• Task brief
Could you restate the entries below word for word and leave the images out?

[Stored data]
============

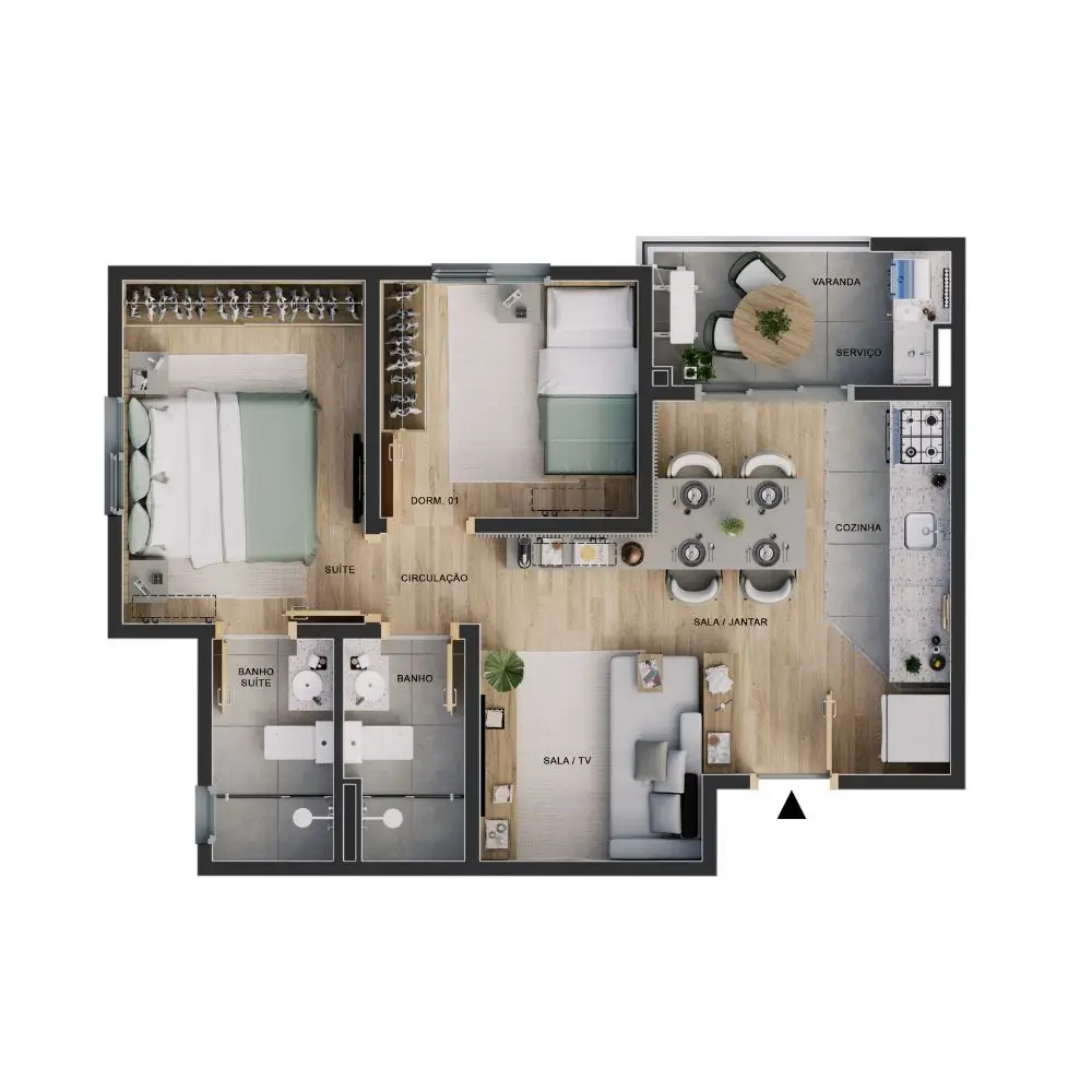 Para quem deseja ainda mais espaço, o empreendimento também conta com unidades térreas que possuem quintal privativo, com metragens que variam de 16 a 25 m². Dessa forma, você pode desfrutar de um espaço ao ar livre exclusivo, ideal para momentos em família, com amigos ou com pets.
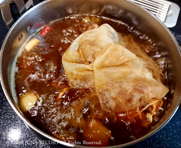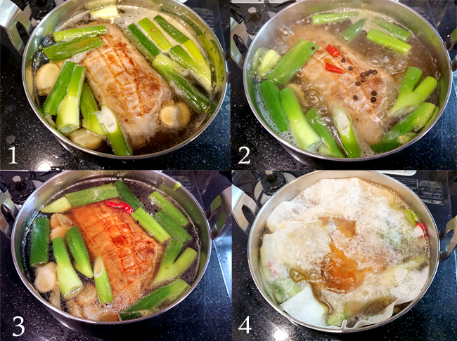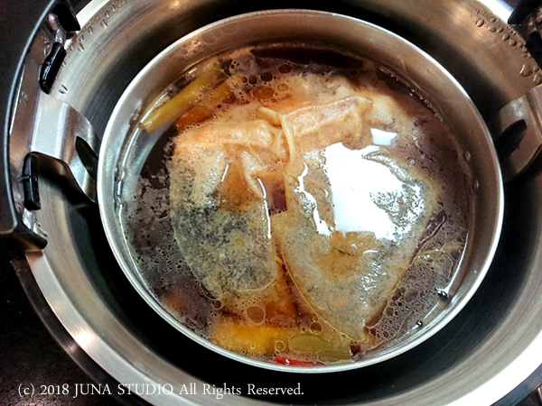保温鍋を使わない場合は、弱火で豚肉に串がスッと通るまでコトコト煮ることになります。途中水分が足りなくなったら昆布だしを足していきます。
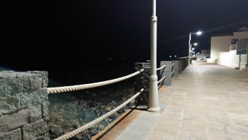 Tja und so sitze ich jetzt hier an der Hafenpromenade auf einer Bank und schaue, wie es rapide dunkel wird. Auf der gegenüberliegenden, unbebauten Seite der Bucht zieht sich eine kleine Scheinwerferkette langsam auf der Piste in Richtung Ort zurück. Wohl genug nackt gewesen für heute, der Bauch muss voll. Ob hier wohl auch Ich-wohne-hier-Schilder in die Strandburgen aufgestellt werden wie auf Fuerteventura? Morgen hab ich mir wanderfrei verordnet. Dann guck ich doch mal und schreib drunter: "Hab Hausfriedensbruch begangen, musste dringend mal auf euer Klo, sorry." Mal schauen, was mir sonst noch einfällt. Den Tisch im Restaurant von heute habe ich jedenfalls für morgen gleich reserviert, das war einfach zu gut.
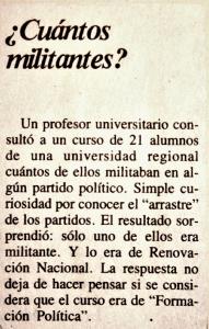En un curso de 21 alumnos solo 1 de ellos es militante.
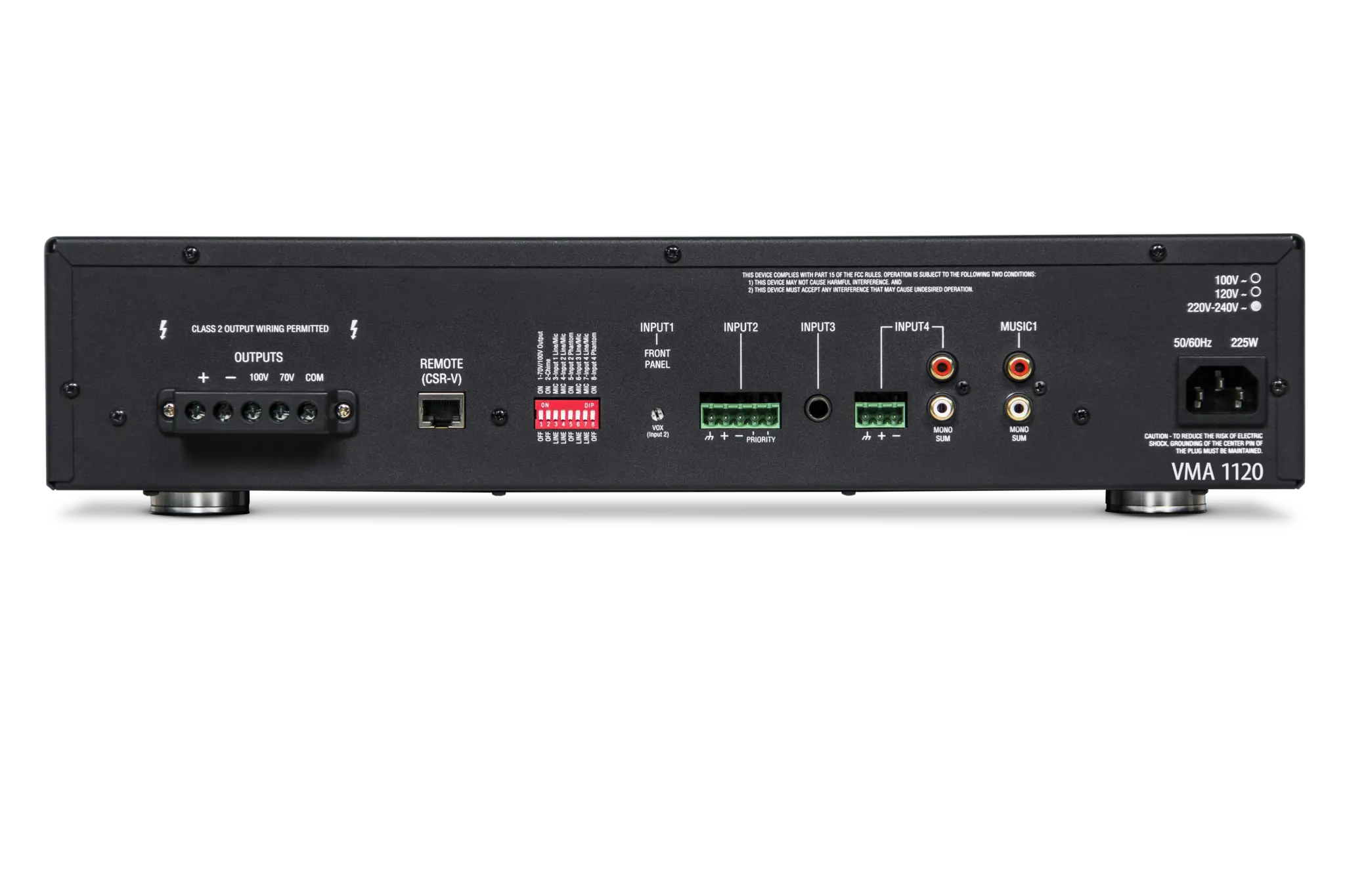 (measured at 2.83VRMS into rated load impedance at any output) 4/8 Ω Output: 20Hz – 20kHz, +/-2dB; 70V/100V Outputs: 80Hz – 15kHz +/-3dB |
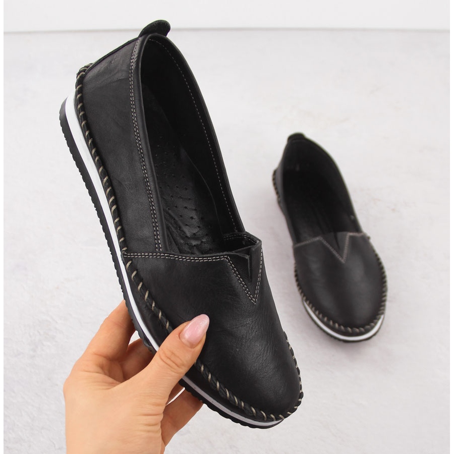 Detalhes: Mocassins de couro feminino escorregaram T.SOKOLSKI W25-741 preto
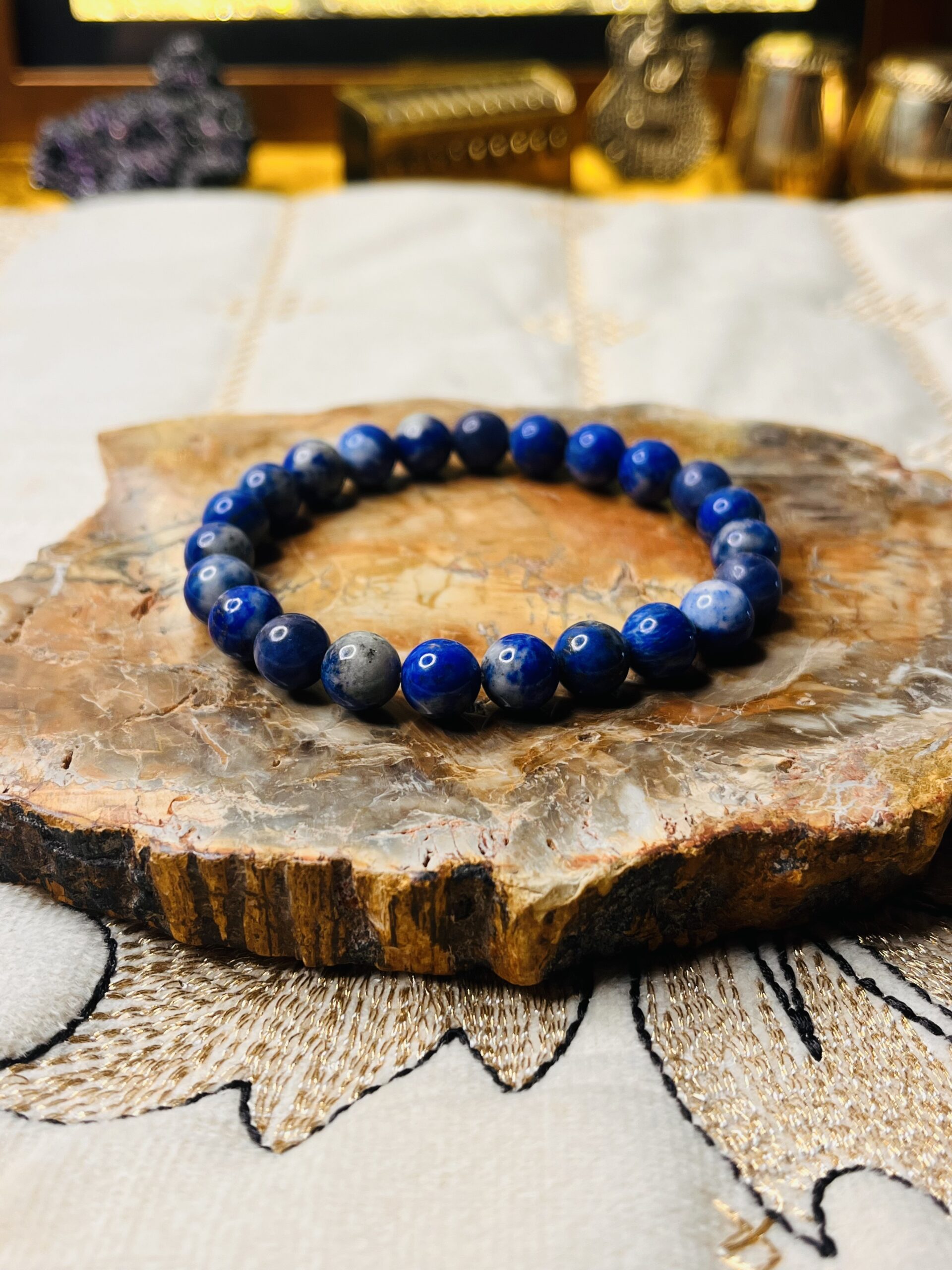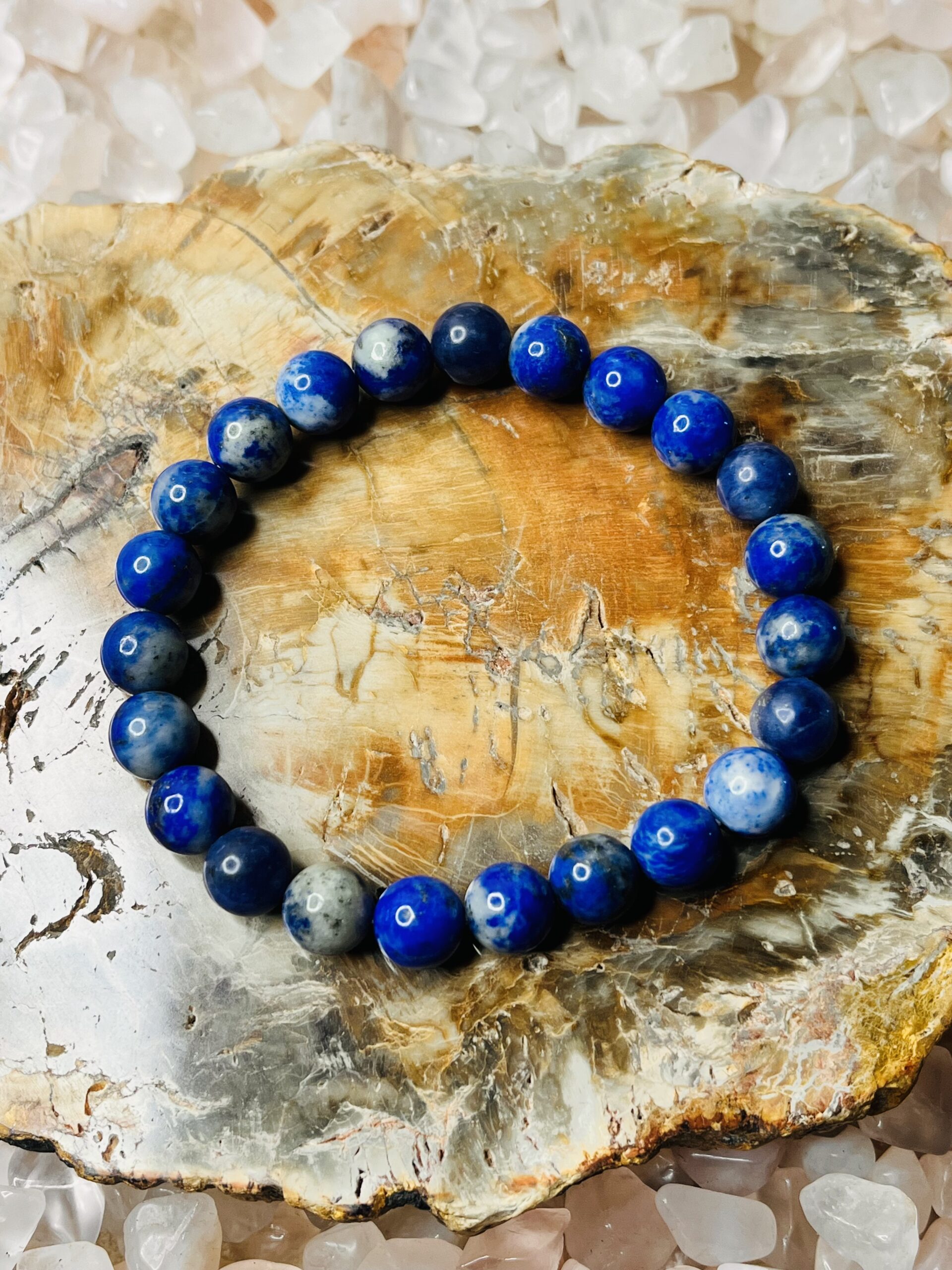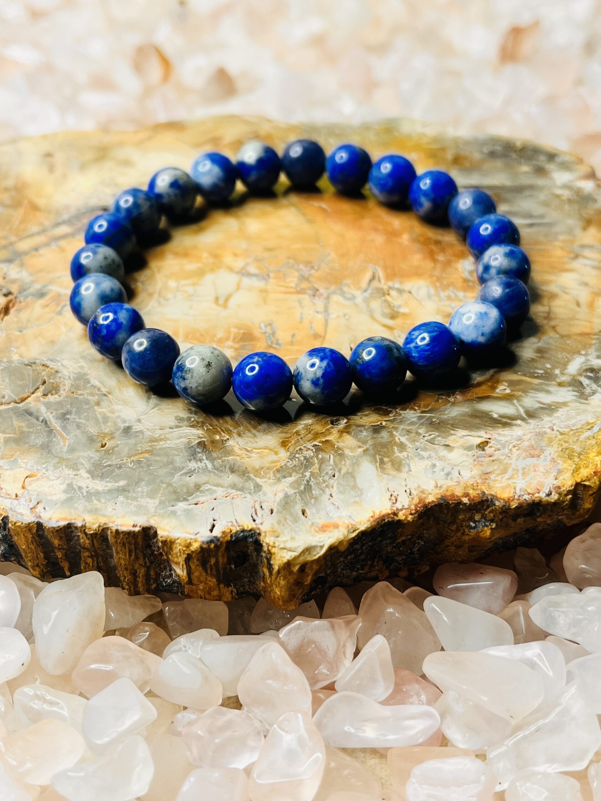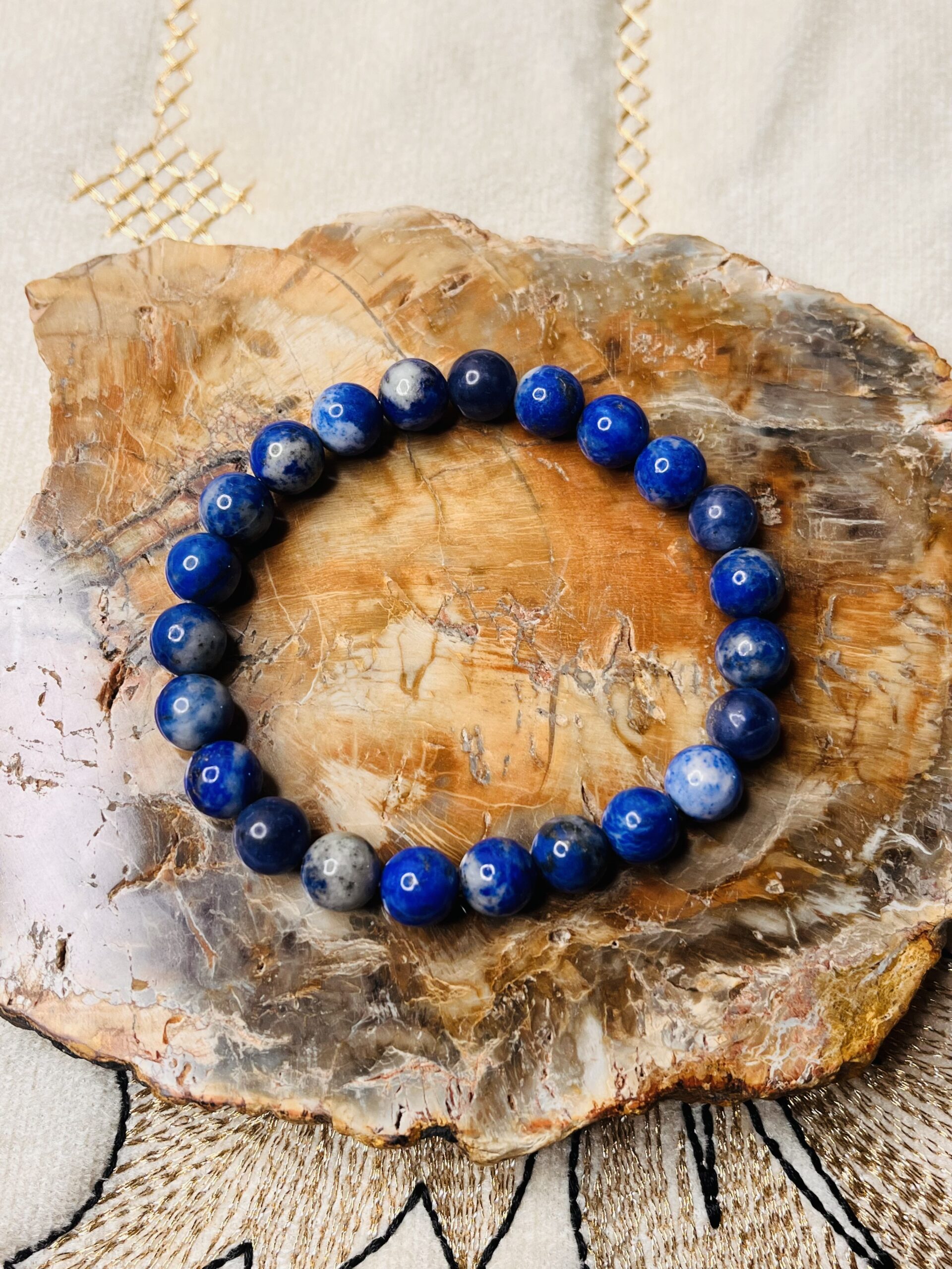 Introducing the stunning sodalite bracelet, a perfect blend of fashion and natural elegance. Crafted from genuine sodalite stones, this bracelet adds a touch of sophistication to any outfit. With its rich blue tones and unique patterns, each piece is a one-of-a-kind accessory that stands out while providing a sense of calm and tranquility.
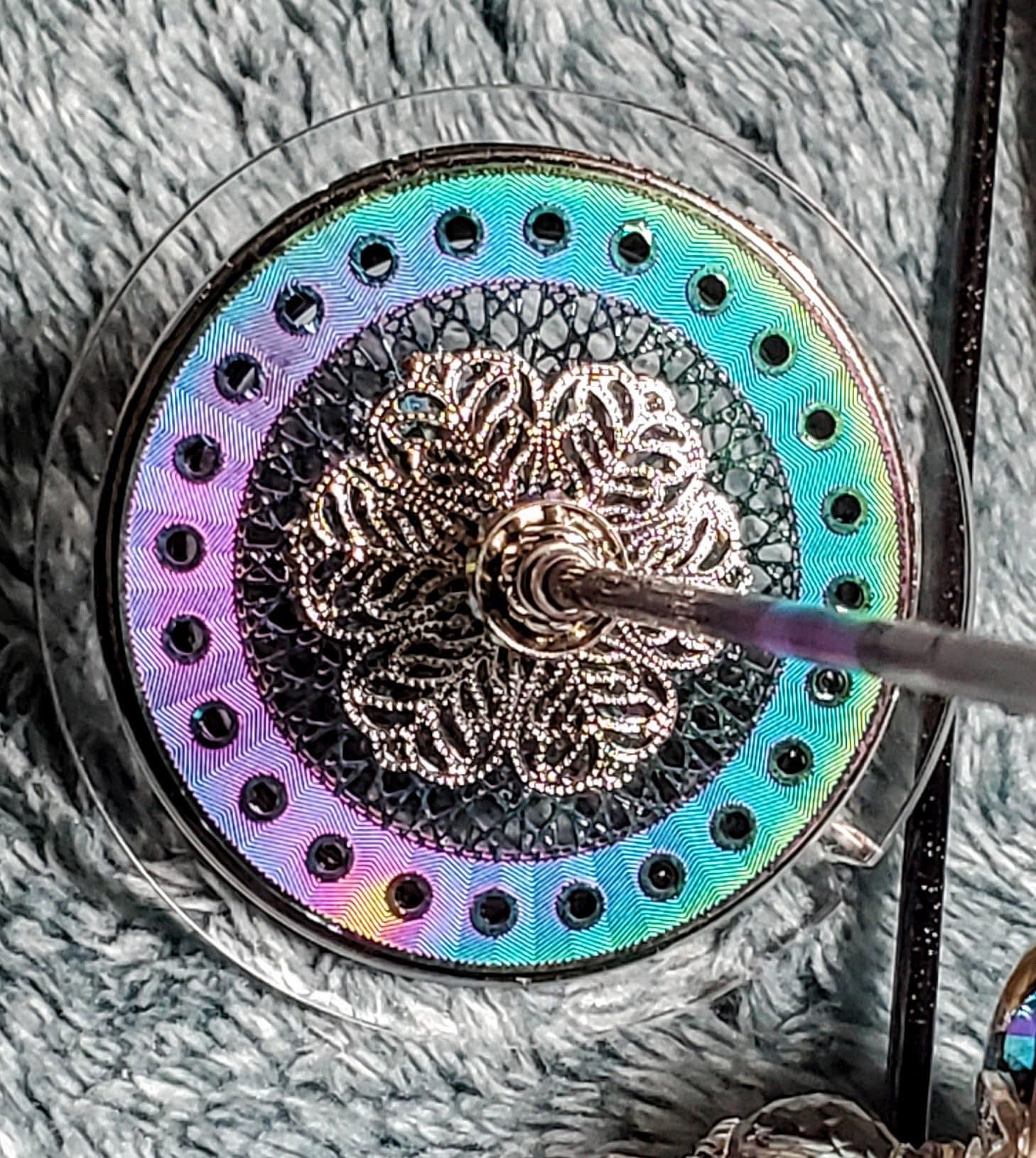 Made from a total of 18 individual pieces, this special design incorporates a 1/8" thick acrylic disc that has a groove milled into the bottom surface with a chrome plated alloy ring mounted into it that acts to add weight toward the rim of the whorl for a well balanced and longer spin. The whorl is adorned with a rainbow color ion coated stainless steel filigree pendant that is etched to produce a holographic/color changing effect, which is mounted onto the surface - along with two silver plated 6-petal filigree bead caps, 4 multi-crystal bead spacers, and silver plated + stainless steel findings - all mounted to a steel shaft in your choice of available colors. The shaft is made of high-carbon/spring steel with a heat forged hook, and it is coated with an industrial quality 2-part (color/gloss) powder coat paint, and all components are assembled with an industrial quality 2-part epoxy resin for long life

============

• Written response
 Para quem deseja ainda mais espaço, o empreendimento também conta com unidades térreas que possuem quintal privativo, com metragens que variam de 16 a 25 m². Dessa forma, você pode desfrutar de um espaço ao ar livre exclusivo, ideal para momentos em família, com amigos ou com pets.
保温鍋を使わない場合は、弱火で豚肉に串がスッと通るまでコトコト煮ることになります。途中水分が足りなくなったら昆布だしを足していきます。
 Tja und so sitze ich jetzt hier an der Hafenpromenade auf einer Bank und schaue, wie es rapide dunkel wird. Auf der gegenüberliegenden, unbebauten Seite der Bucht zieht sich eine kleine Scheinwerferkette langsam auf der Piste in Richtung Ort zurück. Wohl genug nackt gewesen für heute, der Bauch muss voll. Ob hier wohl auch Ich-wohne-hier-Schilder in die Strandburgen aufgestellt werden wie auf Fuerteventura? Morgen hab ich mir wanderfrei verordnet. Dann guck ich doch mal und schreib drunter: "Hab Hausfriedensbruch begangen, musste dringend mal auf euer Klo, sorry." Mal schauen, was mir sonst noch einfällt. Den Tisch im Restaurant von heute habe ich jedenfalls für morgen gleich reserviert, das war einfach zu gut.
En un curso de 21 alumnos solo 1 de ellos es militante.
 (measured at 2.83VRMS into rated load impedance at any output) 4/8 Ω Output: 20Hz – 20kHz, +/-2dB; 70V/100V Outputs: 80Hz – 15kHz +/-3dB |
 Detalhes: Mocassins de couro feminino escorregaram T.SOKOLSKI W25-741 preto
 Introducing the stunning sodalite bracelet, a perfect blend of fashion and natural elegance. Crafted from genuine sodalite stones, this bracelet adds a touch of sophistication to any outfit. With its rich blue tones and unique patterns, each piece is a one-of-a-kind accessory that stands out while providing a sense of calm and tranquility.
 Made from a total of 18 individual pieces, this special design incorporates a 1/8" thick acrylic disc that has a groove milled into the bottom surface with a chrome plated alloy ring mounted into it that acts to add weight toward the rim of the whorl for a well balanced and longer spin. The whorl is adorned with a rainbow color ion coated stainless steel filigree pendant that is etched to produce a holographic/color changing effect, which is mounted onto the surface - along with two silver plated 6-petal filigree bead caps, 4 multi-crystal bead spacers, and silver plated + stainless steel findings - all mounted to a steel shaft in your choice of available colors. The shaft is made of high-carbon/spring steel with a heat forged hook, and it is coated with an industrial quality 2-part (color/gloss) powder coat paint, and all components are assembled with an industrial quality 2-part epoxy resin for long life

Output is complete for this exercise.